Charles Barton said...

Joel, I did not miss David's dark statement, but i don't have a clue what it means.

Charles Barton said...

Charles H, most of us know that.

Joel Riddle said...

Charles B,

I believe what he means is that he is presently involved with some entity, working on an MSR of some form, that has yet to be publically disclosed.
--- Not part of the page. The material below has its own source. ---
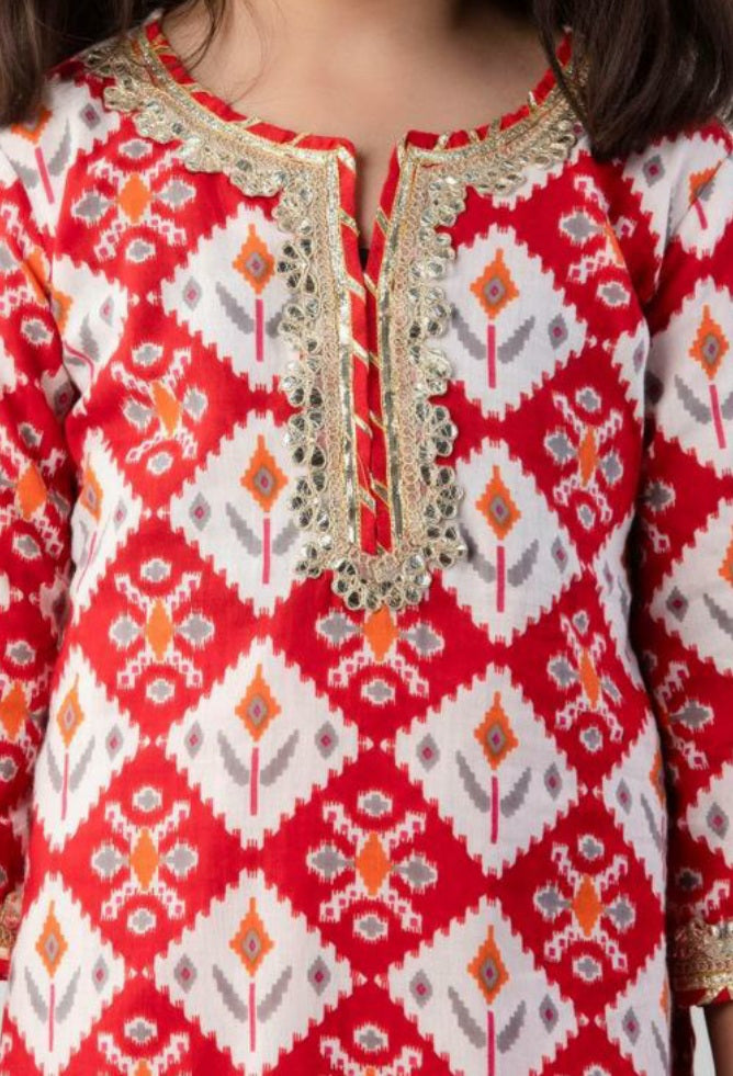 Red Kurta Sharara Kids Cotton Embroidered Set

This is a positive tidbit, in my opinion, as long as David LeBlanc's entity and FLiBe don't hinder the other's ability to attract adequate funding.

Hopefully they won't separately be solving the same remaining issues in the way of LFTR commercialization along parallel paths.

kacobeelaerts said...

Charles; what's your opinion on Japans Mini-Fuji initiative of Dr. Kazuo Furukawa? How realistic is their approach?

Karel Beelaerts
the Netherlands

Charles Barton said...

Karel, I am wondering if they can produce a Mini-FUJI prototype for no more that $300,000,000. Depending on its cost, the Mini-FUJI could power sea going ships, and barge tugboats.

Nathan2go said...

Fascinating news on Flibe Energy.

I hope they will follow a two step strategy: Start with a small (100MW or so) salt cooled pebble bed reactor (e.g. Peterson's PB-AHTR), then build a larger breakeven breeding LFTR.

Utilities will like the PB-AHTR, because it post-pones the need for a societal decision on reprocessing vs. direct waste disposal, and in fact, does not take sides on the issue. It also provides a spent fuel form that is great for very long term interim (indefinite) storage or transportation.

When coupled with an optional thermal energy storage add-on, it's great for European countries that want to transition to renewable energy. Probably no one would ever buy this option, but offering it could have great political value (like a CO2-capture-ready coal plant).

Investors will like a two step strategy, since it gives them a long term vision, and an easier initial product.